● **WORK TO COMPLETE**
Print the listing below verbatim, passing over each picture.

● **PROVIDED DATA**
^^^^^^^^^^^^^^^^
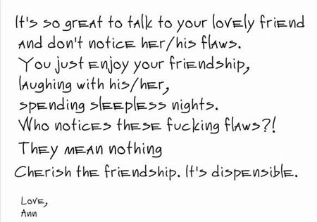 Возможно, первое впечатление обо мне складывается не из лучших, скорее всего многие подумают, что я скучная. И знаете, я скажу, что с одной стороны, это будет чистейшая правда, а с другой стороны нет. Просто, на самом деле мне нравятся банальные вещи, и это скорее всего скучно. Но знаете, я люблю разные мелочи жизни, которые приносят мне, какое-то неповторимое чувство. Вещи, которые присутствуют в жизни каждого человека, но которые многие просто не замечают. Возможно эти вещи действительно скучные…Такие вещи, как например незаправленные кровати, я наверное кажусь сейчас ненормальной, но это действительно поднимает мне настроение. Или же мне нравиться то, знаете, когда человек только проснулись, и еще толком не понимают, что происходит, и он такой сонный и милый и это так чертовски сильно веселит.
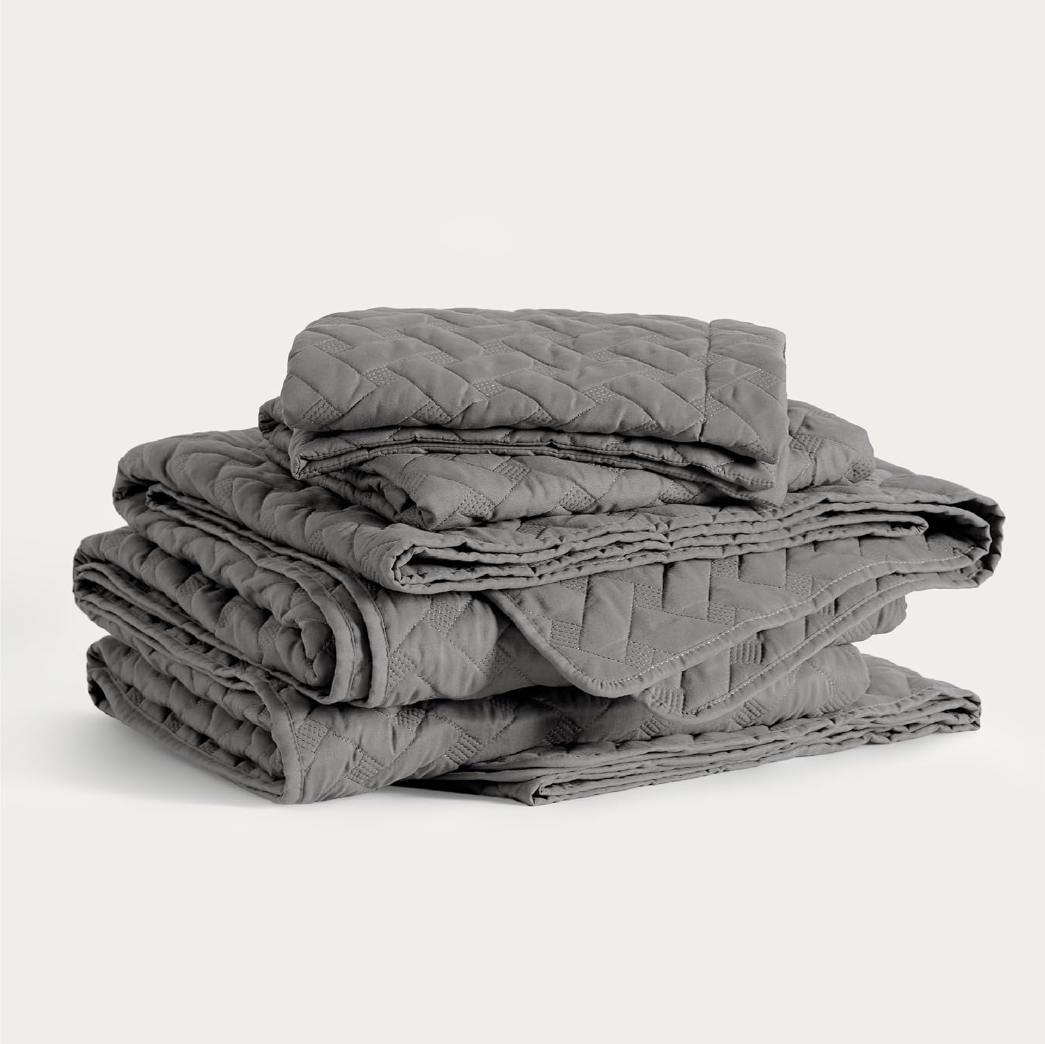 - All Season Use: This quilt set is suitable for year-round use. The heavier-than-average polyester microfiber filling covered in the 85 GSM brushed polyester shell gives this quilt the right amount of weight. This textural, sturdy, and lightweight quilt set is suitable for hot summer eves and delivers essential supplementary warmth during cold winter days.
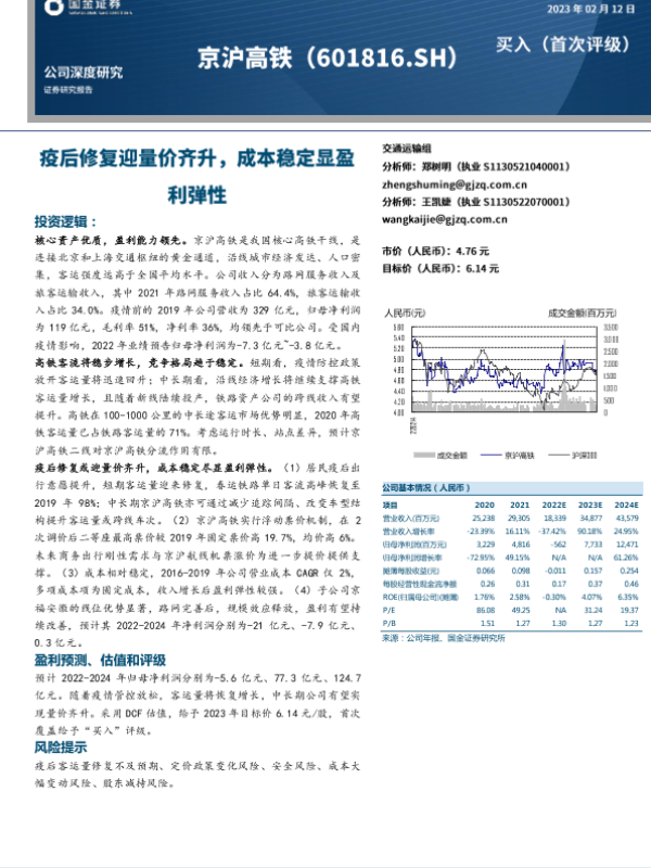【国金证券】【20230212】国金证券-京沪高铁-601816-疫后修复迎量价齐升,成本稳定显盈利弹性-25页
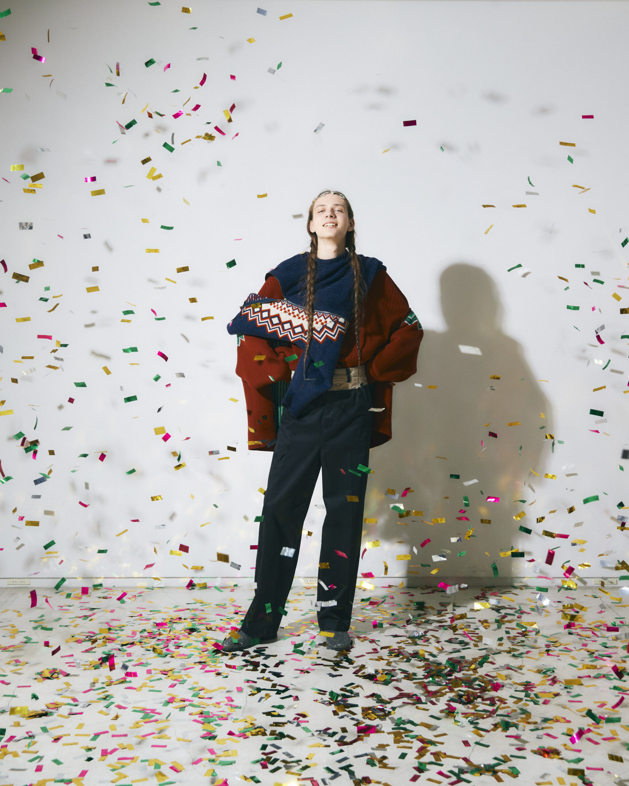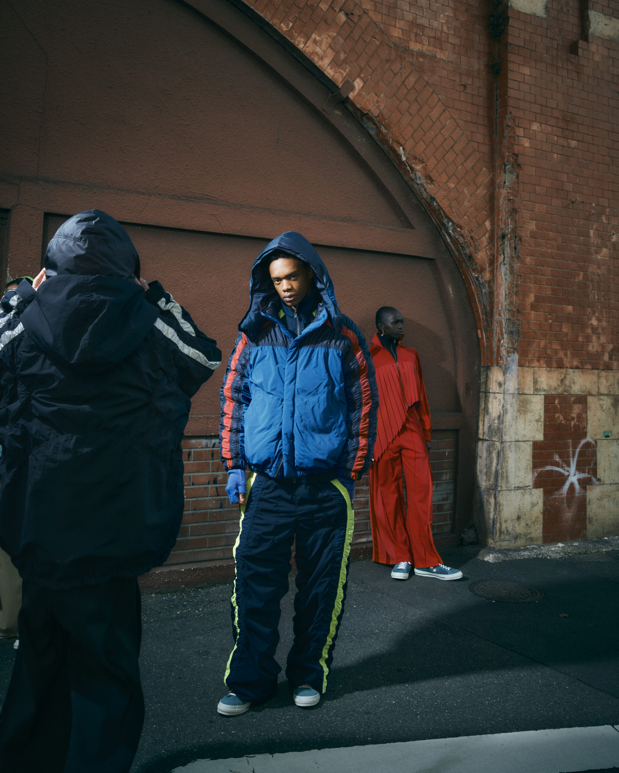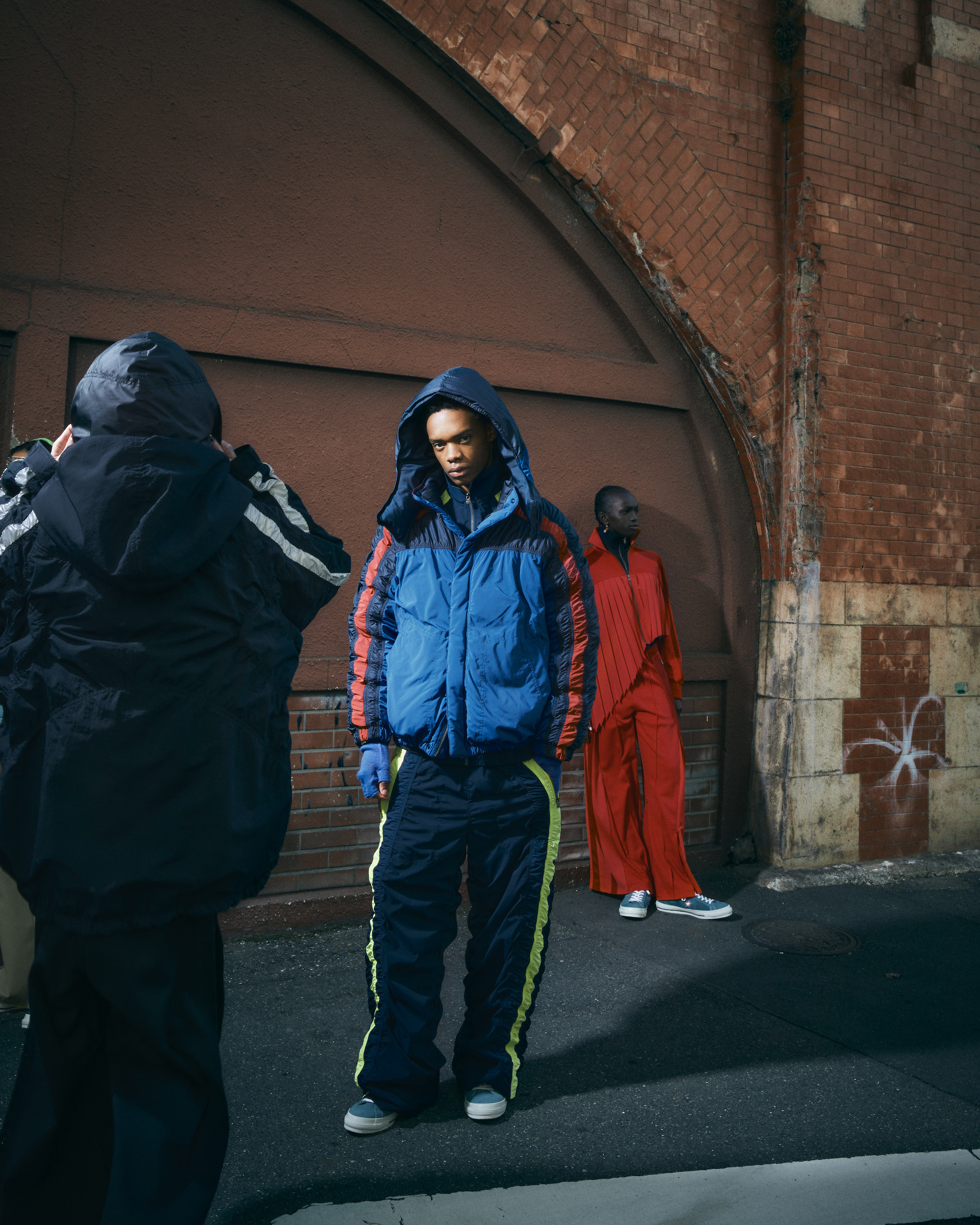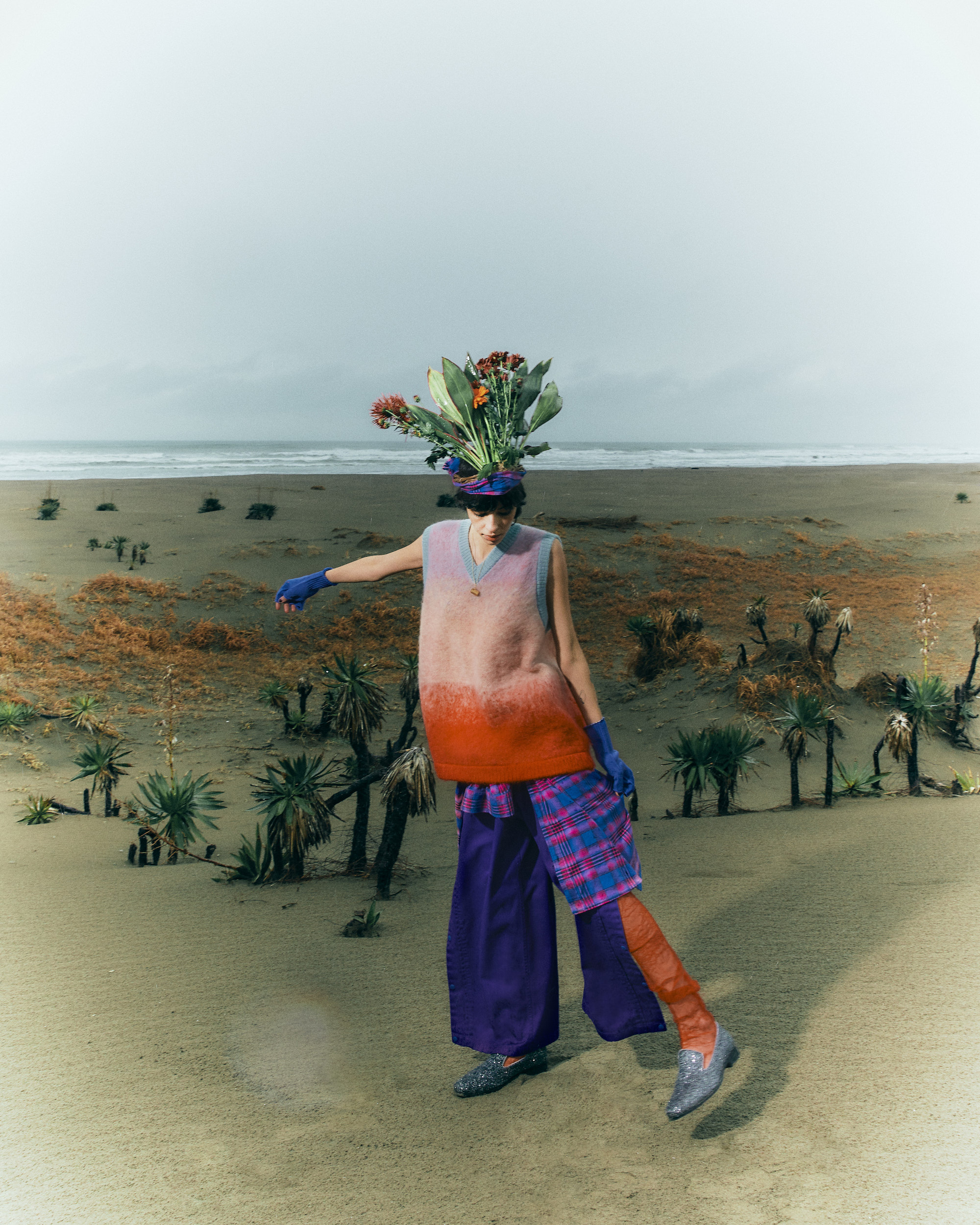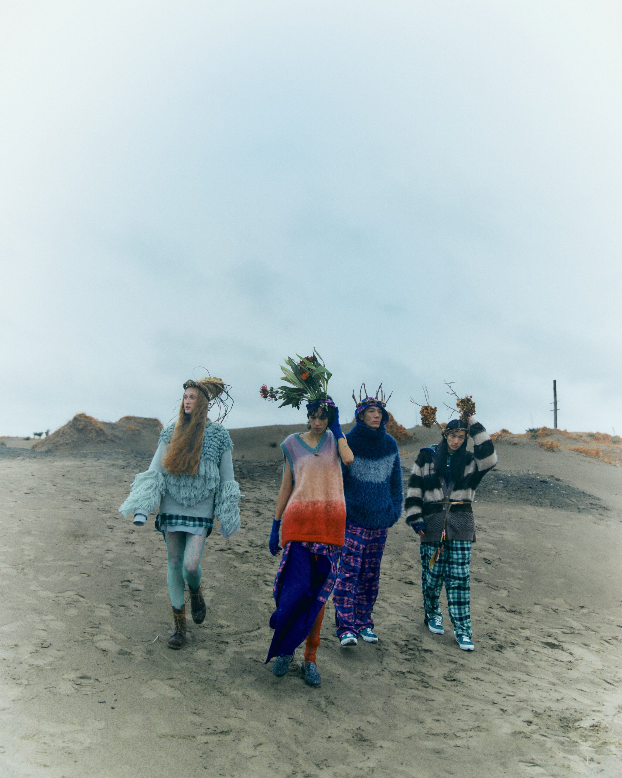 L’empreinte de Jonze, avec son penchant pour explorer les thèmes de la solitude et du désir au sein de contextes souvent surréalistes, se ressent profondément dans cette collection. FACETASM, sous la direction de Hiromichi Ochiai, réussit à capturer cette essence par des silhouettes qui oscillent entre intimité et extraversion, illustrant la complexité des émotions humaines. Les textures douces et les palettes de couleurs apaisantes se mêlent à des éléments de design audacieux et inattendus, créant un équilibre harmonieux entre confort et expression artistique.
^^^^^^^^^^^^^^^^
● **OUTPUT FOR THIS TASK**
 Возможно, первое впечатление обо мне складывается не из лучших, скорее всего многие подумают, что я скучная. И знаете, я скажу, что с одной стороны, это будет чистейшая правда, а с другой стороны нет. Просто, на самом деле мне нравятся банальные вещи, и это скорее всего скучно. Но знаете, я люблю разные мелочи жизни, которые приносят мне, какое-то неповторимое чувство. Вещи, которые присутствуют в жизни каждого человека, но которые многие просто не замечают. Возможно эти вещи действительно скучные…Такие вещи, как например незаправленные кровати, я наверное кажусь сейчас ненормальной, но это действительно поднимает мне настроение. Или же мне нравиться то, знаете, когда человек только проснулись, и еще толком не понимают, что происходит, и он такой сонный и милый и это так чертовски сильно веселит.
 - All Season Use: This quilt set is suitable for year-round use. The heavier-than-average polyester microfiber filling covered in the 85 GSM brushed polyester shell gives this quilt the right amount of weight. This textural, sturdy, and lightweight quilt set is suitable for hot summer eves and delivers essential supplementary warmth during cold winter days.
【国金证券】【20230212】国金证券-京沪高铁-601816-疫后修复迎量价齐升,成本稳定显盈利弹性-25页
 L’empreinte de Jonze, avec son penchant pour explorer les thèmes de la solitude et du désir au sein de contextes souvent surréalistes, se ressent profondément dans cette collection. FACETASM, sous la direction de Hiromichi Ochiai, réussit à capturer cette essence par des silhouettes qui oscillent entre intimité et extraversion, illustrant la complexité des émotions humaines. Les textures douces et les palettes de couleurs apaisantes se mêlent à des éléments de design audacieux et inattendus, créant un équilibre harmonieux entre confort et expression artistique.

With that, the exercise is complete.